**WORK TO BE COMPLETED:** From the first line to the last, copy the data exactly and drop the pictures.

#### DATA RECORDS ####

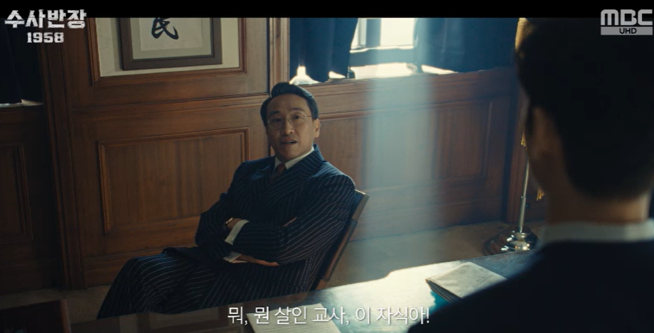 자신은 정당하게 체포를 하던것이였다며 억울함을 호소하는데 , 이미 최실장과 함패거리인 종남경찰서 서장 백도식은 되려 영한이 하극상으로 잘못한 것처럼 몰아갑니다.
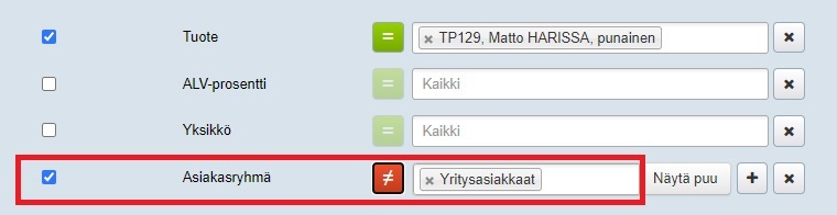 - Vinkki: Jos haluat rajata jonkin asiakasryhmän pois raportin tuloksilta, valitse asiakasryhmä ja klikkaa ryhmän edessä oleva vihreä yhtäsuuruusmerkki punaiseksi:
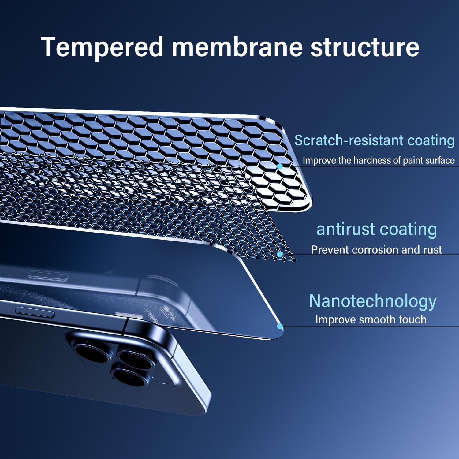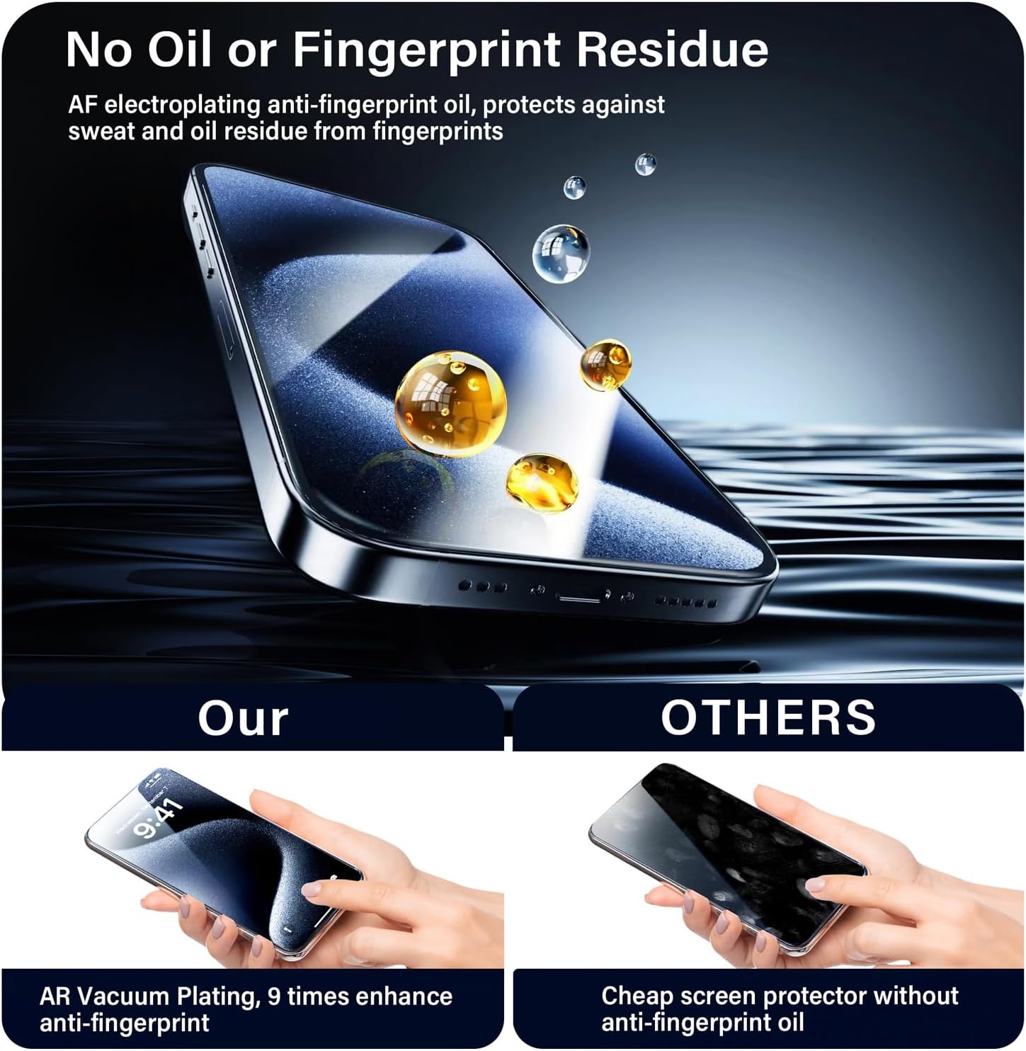 • Le revêtement oléophobe empêche l’accumulation des empreintes digitales, la transpiration et la graisse, en gardant l’écran propre et confortable à utiliser.
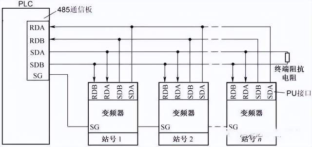 (2)多台变频器与PLC的RS485通信连接 多台变频器与PLC的RS485通信连接如下图所示,它可以实现一台PLC控制多台变频器的运行。
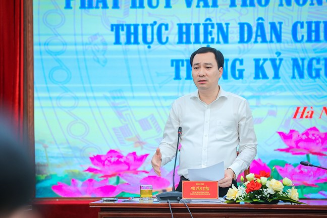 | Ông Vũ Văn Tiến, Ủy viên Đoàn Chủ tịch, Trưởng Ban Tuyên giáo Ủy ban Trung ương MTTQ Việt Nam phát biểu tại Hội thảo |
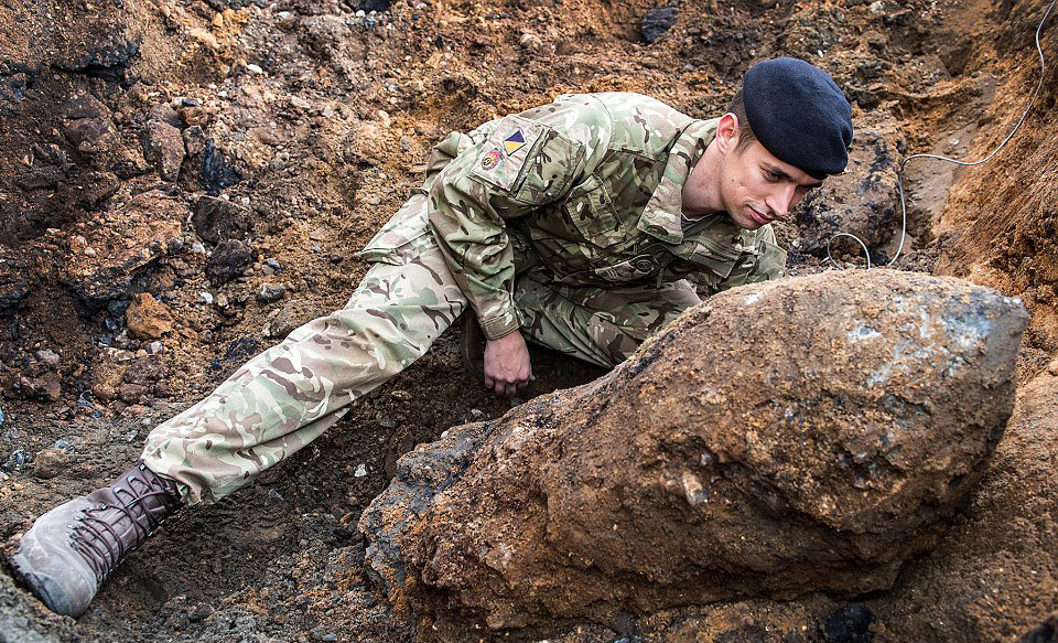 皇家后勤兵团拆弹专家理查德·麦金农(Richard McKinnon)检查二战时期的德军炸弹。(网页截图)

####

**THE ANSWER:**
 자신은 정당하게 체포를 하던것이였다며 억울함을 호소하는데 , 이미 최실장과 함패거리인 종남경찰서 서장 백도식은 되려 영한이 하극상으로 잘못한 것처럼 몰아갑니다.
 - Vinkki: Jos haluat rajata jonkin asiakasryhmän pois raportin tuloksilta, valitse asiakasryhmä ja klikkaa ryhmän edessä oleva vihreä yhtäsuuruusmerkki punaiseksi:
 • Le revêtement oléophobe empêche l’accumulation des empreintes digitales, la transpiration et la graisse, en gardant l’écran propre et confortable à utiliser.
 (2)多台变频器与PLC的RS485通信连接 多台变频器与PLC的RS485通信连接如下图所示,它可以实现一台PLC控制多台变频器的运行。
 | Ông Vũ Văn Tiến, Ủy viên Đoàn Chủ tịch, Trưởng Ban Tuyên giáo Ủy ban Trung ương MTTQ Việt Nam phát biểu tại Hội thảo |
 皇家后勤兵团拆弹专家理查德·麦金农(Richard McKinnon)检查二战时期的德军炸弹。(网页截图)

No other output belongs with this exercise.